Democratization: When the computational revolution really kicked off three decades ago, hedge funds and savvy asset managers accumulated power because they had technology that nobody else had. Today that authoritarian control of computing power — which was reinforced by egregious management fees — is being democratized. The processing power that cost $100 million in 1980 now costs around $1,000. So while, in the past, only the most sophisticated asset managers (i.e., hedge funds) possessed the tools required to manage complex global portfolios, soon the most sophisticated systems on earth will be budget-friendly for all Giants. And, inevitably, this will lead to a major shift in the way Giants think about capital deployments and how they use external service providers. As a result of the drop in the price of computing, there are already companies emerging to provide “black boxes to the masses.” And I expect more companies will look to sell access data and insight platforms on a license model rather than offer asset management services using those platforms with a hefty management fee.

Dispensation: You can think of this as the scale economies of technology. As institutional investors adopt innovative technologies, they will have the power to dispense with antiquated rules in the investment industry. And the rule that seems most prone for dispensation is that which says asset managers should get paid a percentage of its assets under management. Managers would like us to believe that moving money is similar to moving dirt in trucks from point A to B; that it requires a constant fee that escalates in parallel to the escalation of total assets under management. But, as it turns out, moving a nine-digit number from computer A to B is as costly as moving an eleven-digit number. Yes, I do understand that big trades are harder to place and certain investment strategies have capacity constraints, which may warrant the higher nominal fees. That’s fine. But in these exceptions the service provider should be forced to justify the basis-point fee. It should not be the standard upon which all investment contracts are based. Anyway, there are new companies emerging to help investors identify these “historical artifacts” and figure out ways to bypass them through technological innovation. I think many people fail to realize how many of these “rules” continue to exist across the range of financial intermediaries. Spotting these rules and then developing technology to break them seems to be a new trend.

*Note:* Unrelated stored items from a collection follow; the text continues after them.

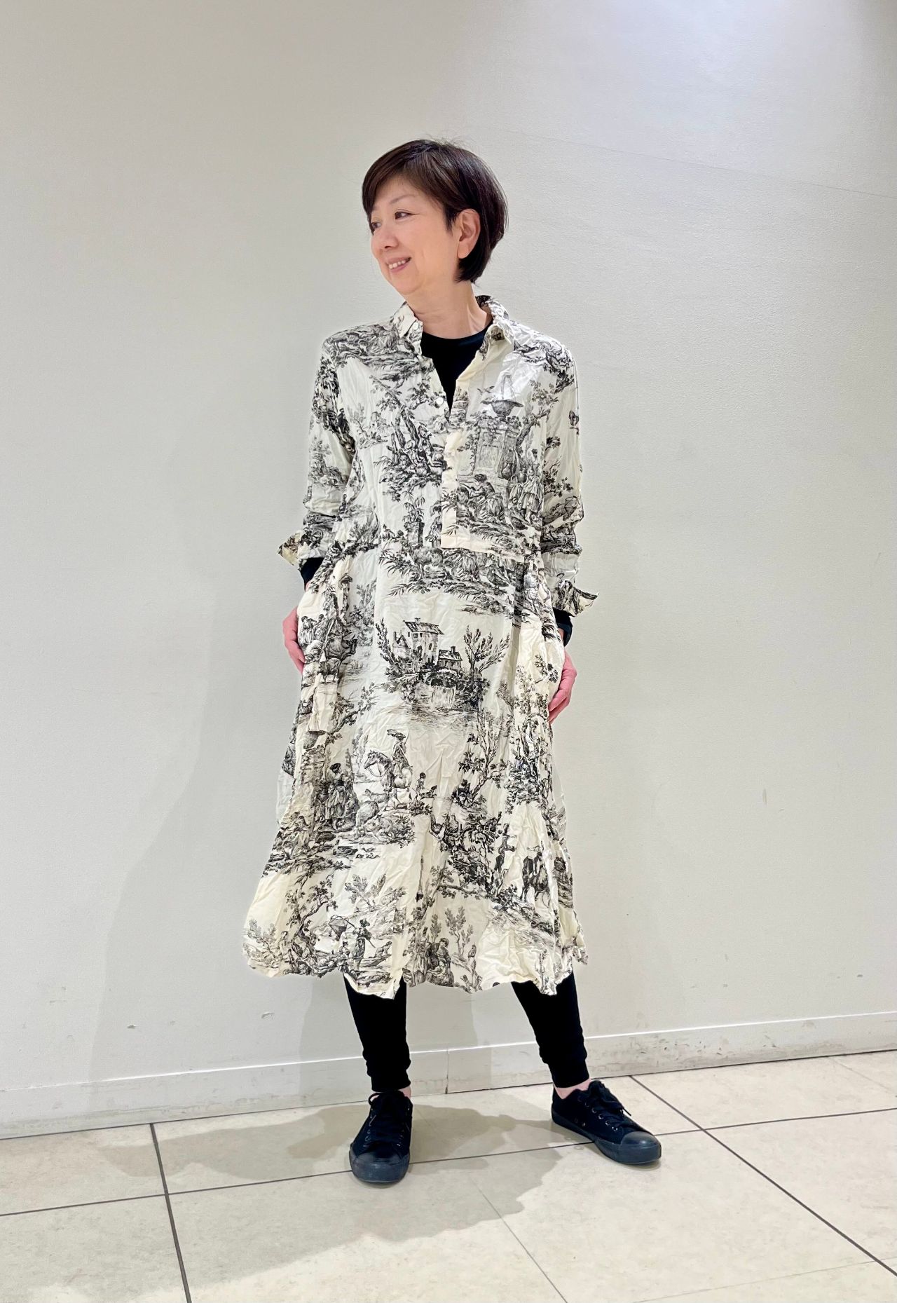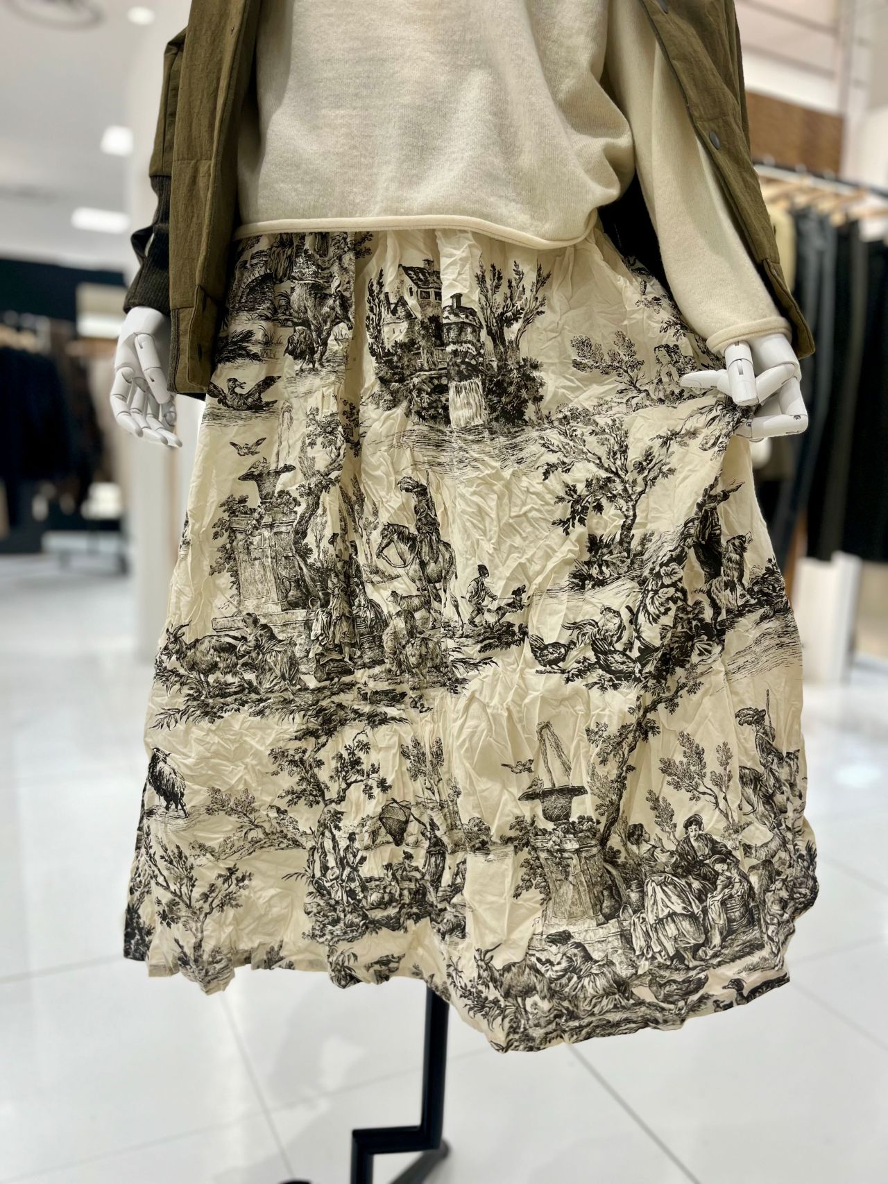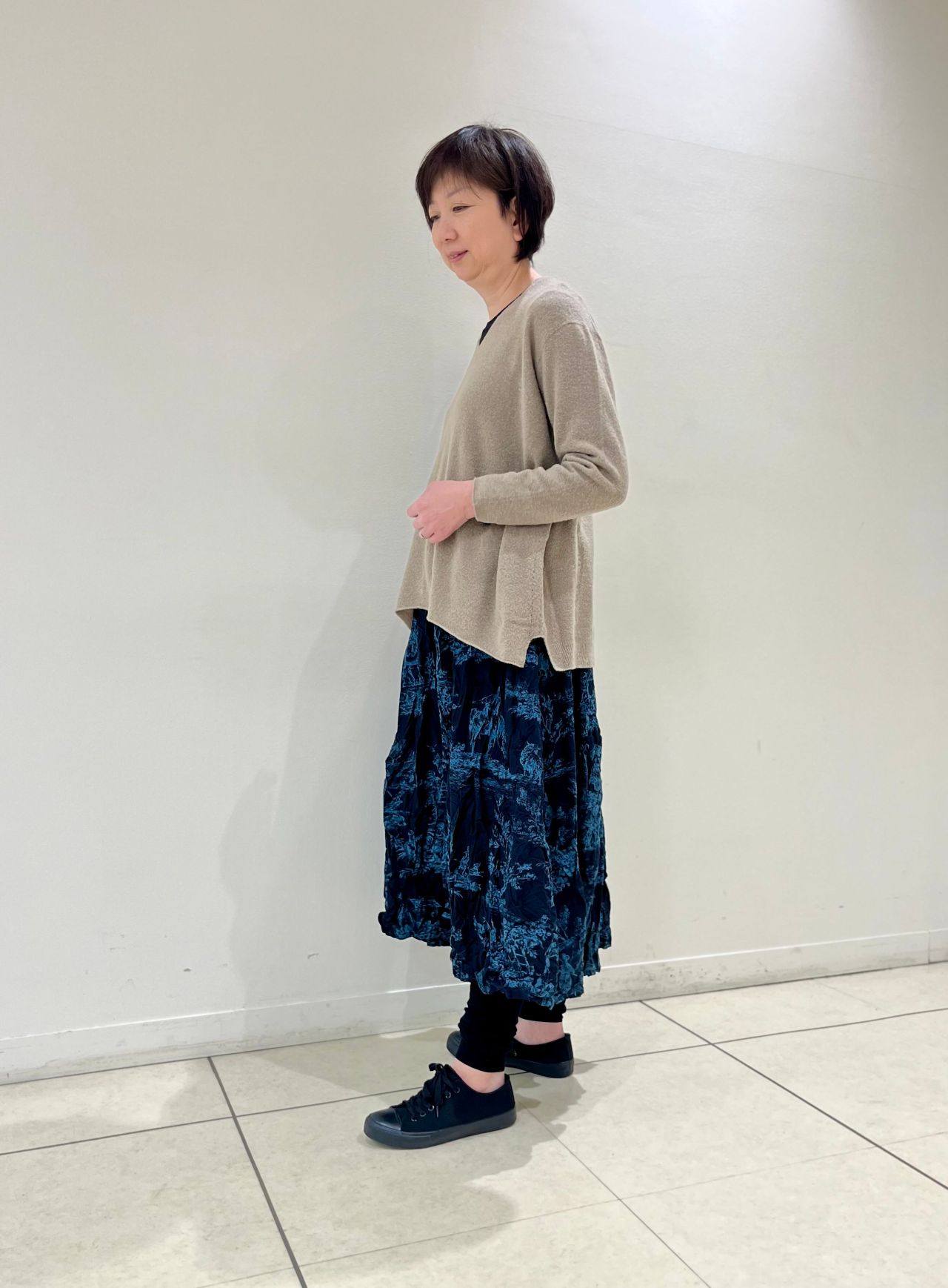 プリントの存在感がありますので、シンプルニットなどとコーディネートすると素敵です。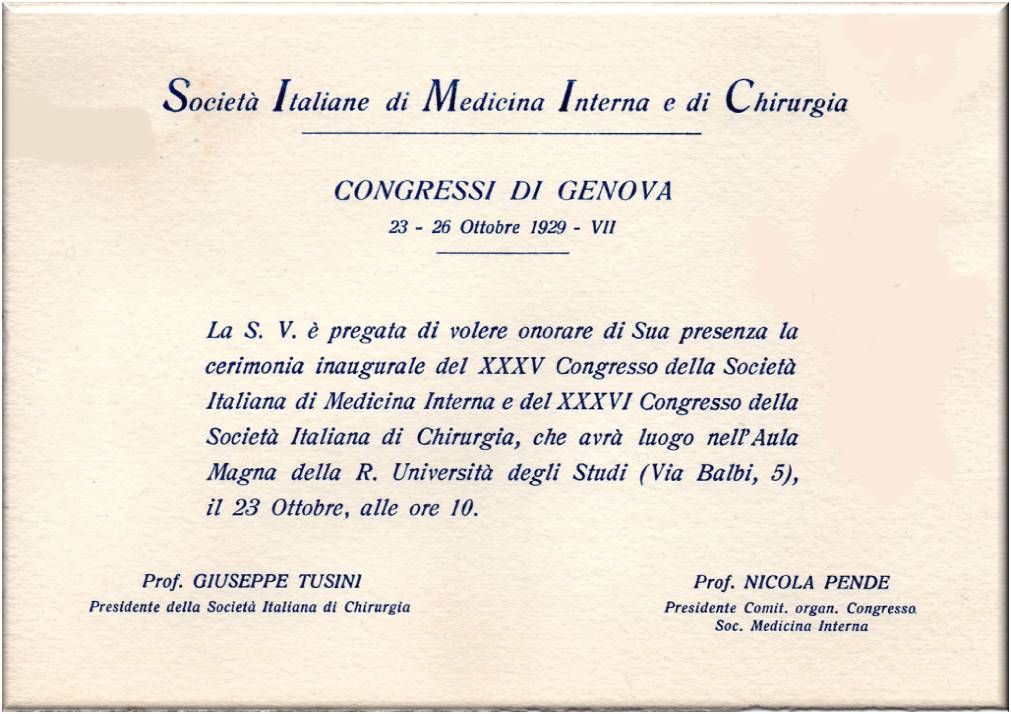 Biglietto di invito al XXXV Congresso della Società Italiana di Medicina interna e del XXXVI Congresso della Società Italiana di Chirurgia, che avrà luogo nell'Aula Magna della R. Università degli Studi (Via Balbi, 5), il 23 Ottobre 1929, alle ore 10.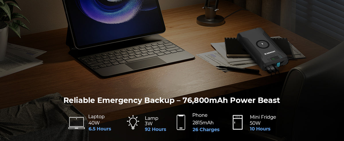 The RENOGY power bank brick supports charging up to 6 devices simultaneously. With its massive 76,800mAh capacity, it's perfect for powering phones, tablets, USB lights, or fans outdoors for extended periods.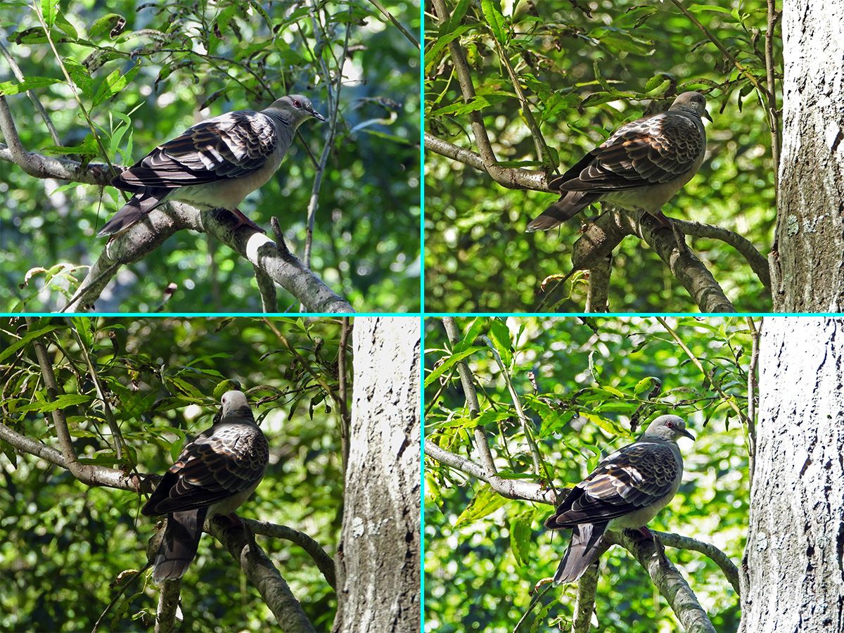 葉の茂った木の枝から枝に移動するので、撮影は運任せの状態です。
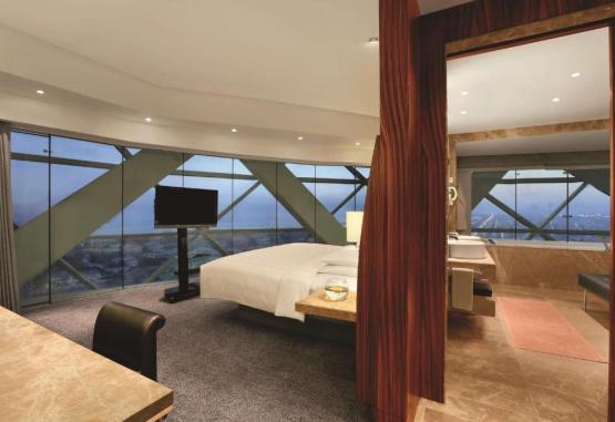 Andaz Capital Gate Abu Dhabi este situat in renumita clădire Capital Gate, la o scurtă plimbare de centrul de expozitii. Hotelul oferă camere luxoase, cu ferestre din podea pană in tavan si vedere la oras.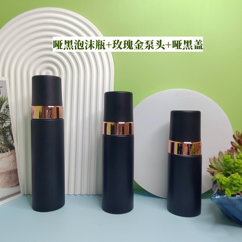 - Specifications: Matt black foam bottle + rose gold pump head + transparent cap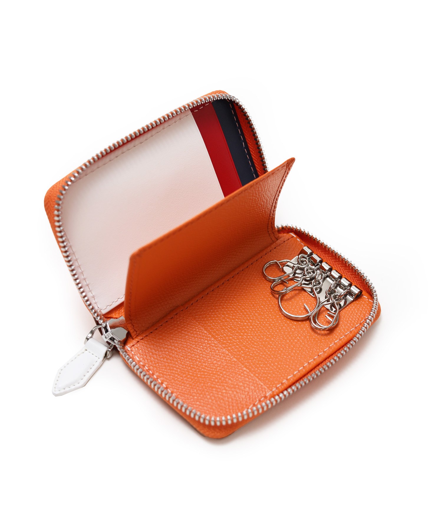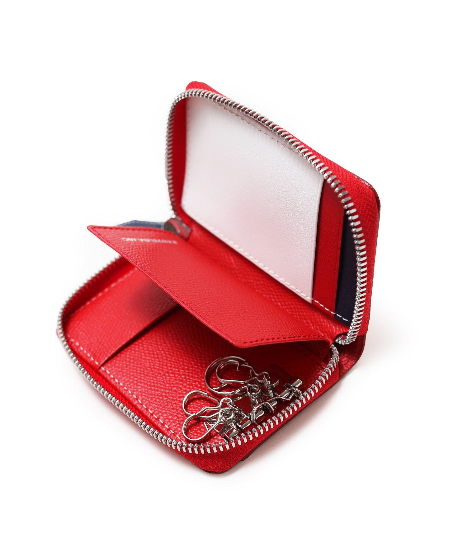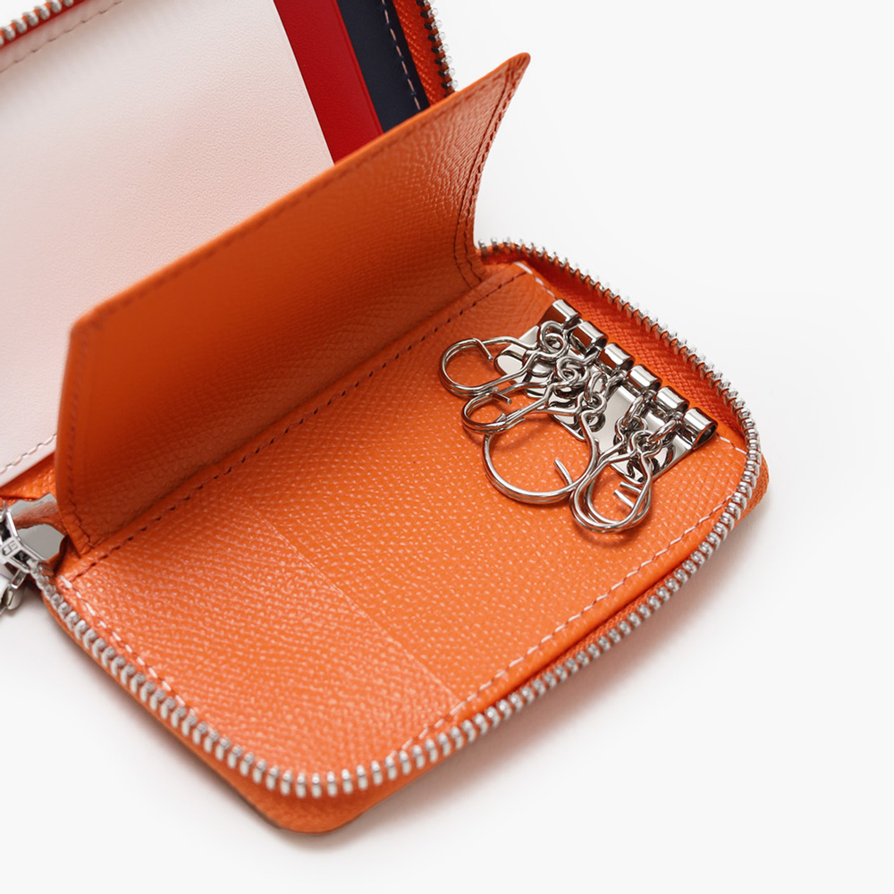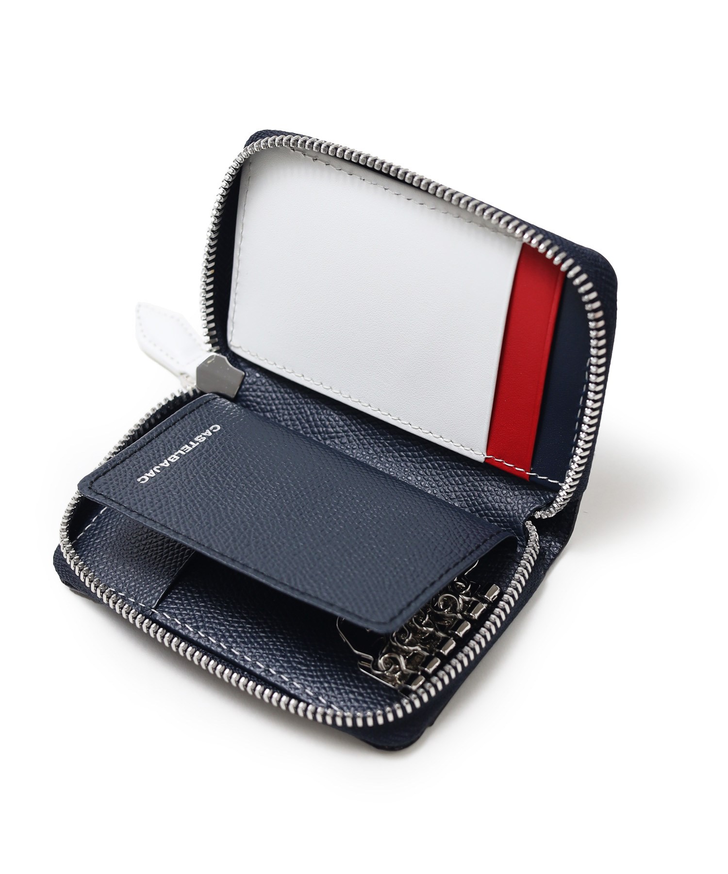 カステルバジャックらしいデザインのスマートキー対応キーケース。通常の鍵からスマートキーのような厚さのある鍵、カードキーまで収納可能で、大切なものを一つにまとめての管理が叶います。ブランドアイコンである家紋をトリコロールカラーで表現し、王冠部分にはメタルパーツで立体感を出しています。エンボス加工を施したオリジナル牛革に、シルバー箔押しのブランドロゴを入れることで高級感を演出しています。

Ultimately, technology will help Giants streamline and strengthen operations, manage and distribute knowledge, access unique —and heretofore expensive — markets, and level the playing field with the private financial services industry. What’s more, the companies that need capital to grow will welcome the chance to partner directly with patient, long-term investors. So this should be an exciting and promising new space for investment.

BUT — and yes, there’s a but — accelerating this invest-tech phenomenon will demand the support of the Giants. In order for these companies to have a strong hope of success, the community of institutional investors will need to invest in their own technology, data management and infrastructure (on a massive basis) and be willing to serve as pilot clients to new companies in these domains. I'd like to see the Giants engage with technologists like they engage with financial service providers. And if they do, I think the geography of finance and investment will get very creative — and very destructive — for mainstream players.